The first boy was named Ellis. We met in the summer before sixth grade when I had just moved into town. He lived a few houses down from me and rode his bike to welcome us to the neighborhood. At first, I thought his mom just forced him to say hi - just to see what kind of people we were. But instead, he invited me for a tour around town, and for some reason, I agreed.

Maybe it was the lopsided smile or the way his eyes shone or maybe it was the curly black hair that fell on his face that made me fall in love with him at first sight.

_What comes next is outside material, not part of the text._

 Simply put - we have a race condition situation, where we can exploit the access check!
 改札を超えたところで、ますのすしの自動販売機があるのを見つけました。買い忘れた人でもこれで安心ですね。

Ellis and I became best friends that summer but I couldn't help but fall for him. I fell in love easily as a kid, I guess. Of course, there was always that unrequited love that hung in front of my face like a big neon sign. I couldn't just shove all those feelings at the back of my mind. After all, we spent every moment of that summer together. He showed me all of his favorite spots - especially the abandoned and restricted ones.

We'd sit on the swing set in his backyard and talk about everything - our favorite books, movies, TV shows, superheroes, and whatever else we pulled off from the top of our heads.

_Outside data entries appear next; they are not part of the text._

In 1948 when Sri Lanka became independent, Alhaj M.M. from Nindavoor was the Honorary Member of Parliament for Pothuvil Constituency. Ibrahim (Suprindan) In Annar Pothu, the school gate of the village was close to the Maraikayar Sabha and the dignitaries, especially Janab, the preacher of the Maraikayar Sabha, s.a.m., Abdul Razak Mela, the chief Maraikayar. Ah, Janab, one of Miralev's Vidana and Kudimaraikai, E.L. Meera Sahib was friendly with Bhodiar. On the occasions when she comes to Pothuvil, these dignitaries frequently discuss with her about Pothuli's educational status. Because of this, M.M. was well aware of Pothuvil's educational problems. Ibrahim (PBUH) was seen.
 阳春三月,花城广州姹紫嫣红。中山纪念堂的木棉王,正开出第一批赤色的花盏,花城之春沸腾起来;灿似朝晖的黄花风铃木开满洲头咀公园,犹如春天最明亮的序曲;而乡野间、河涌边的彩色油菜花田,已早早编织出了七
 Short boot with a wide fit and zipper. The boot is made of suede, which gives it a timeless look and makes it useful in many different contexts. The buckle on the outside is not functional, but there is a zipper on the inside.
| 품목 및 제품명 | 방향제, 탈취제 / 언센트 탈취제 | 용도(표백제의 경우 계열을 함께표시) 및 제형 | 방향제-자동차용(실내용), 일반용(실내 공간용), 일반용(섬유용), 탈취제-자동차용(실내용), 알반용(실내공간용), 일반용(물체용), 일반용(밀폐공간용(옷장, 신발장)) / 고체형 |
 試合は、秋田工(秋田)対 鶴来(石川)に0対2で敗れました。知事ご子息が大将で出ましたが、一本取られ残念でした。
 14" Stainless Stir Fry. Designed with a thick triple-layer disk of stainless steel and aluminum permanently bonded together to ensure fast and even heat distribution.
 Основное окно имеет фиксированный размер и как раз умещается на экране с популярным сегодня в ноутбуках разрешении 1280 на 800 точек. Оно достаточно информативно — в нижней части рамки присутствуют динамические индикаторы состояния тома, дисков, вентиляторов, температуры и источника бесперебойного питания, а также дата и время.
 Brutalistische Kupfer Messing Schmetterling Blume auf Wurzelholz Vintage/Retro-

I loved discovering things about him, even the stupid little things. Then we'd get ice cream and sneak into an abandoned swimming pool and just pretend we were somewhere else.

I clung to him so much because I felt so alone.

However, he changed when school came. He had his old friends to hang out with and I felt like an outsider. Even though we became best friends over the summer, it didn't exactly mean his friends were automatically mine as well.

Everyone looked at me differently. Maybe it was because I knew him well, I don't know. But I suddenly felt lost again, like I was thrust into a big city without a map.

Ellis didn't even stand up for me when the mean girls whispered behind my back. And maybe it was because I expected too much from him but what was I supposed to do? I invested so much time getting to know him that I didn't even realize he wasn't the same person I met.

Our friendship ended just as fast as it began and it hurt even more because I loved him. I loved him and he didn't even notice. The Ellis I knew during the summer had completely vanished.

He was no longer the boy I had campfires with in my backyard or the boy who took me to the aquarium because he thought I loved sharks. I would have loved them anyway because of him. He took me to places you couldn't find on a map, so we made our own. On soggy yellow paper, we made a map of our favorite places - in complete detail, full of stick drawings and doodles.

That map was the symbol of our friendship but he forgot about it, about all our adventures when school started.

It was painful when Ellis told me that we couldn't be friends anymore. He wanted to ask a girl out and he didn't want people to think that I was his girlfriend. That was the worst pain I'd felt at that time. Sure, it was still the sixth grade but losing a friend that young haunts you forever. Especially a best friend - there's no other pain like that.

He was the first boy to break my heart.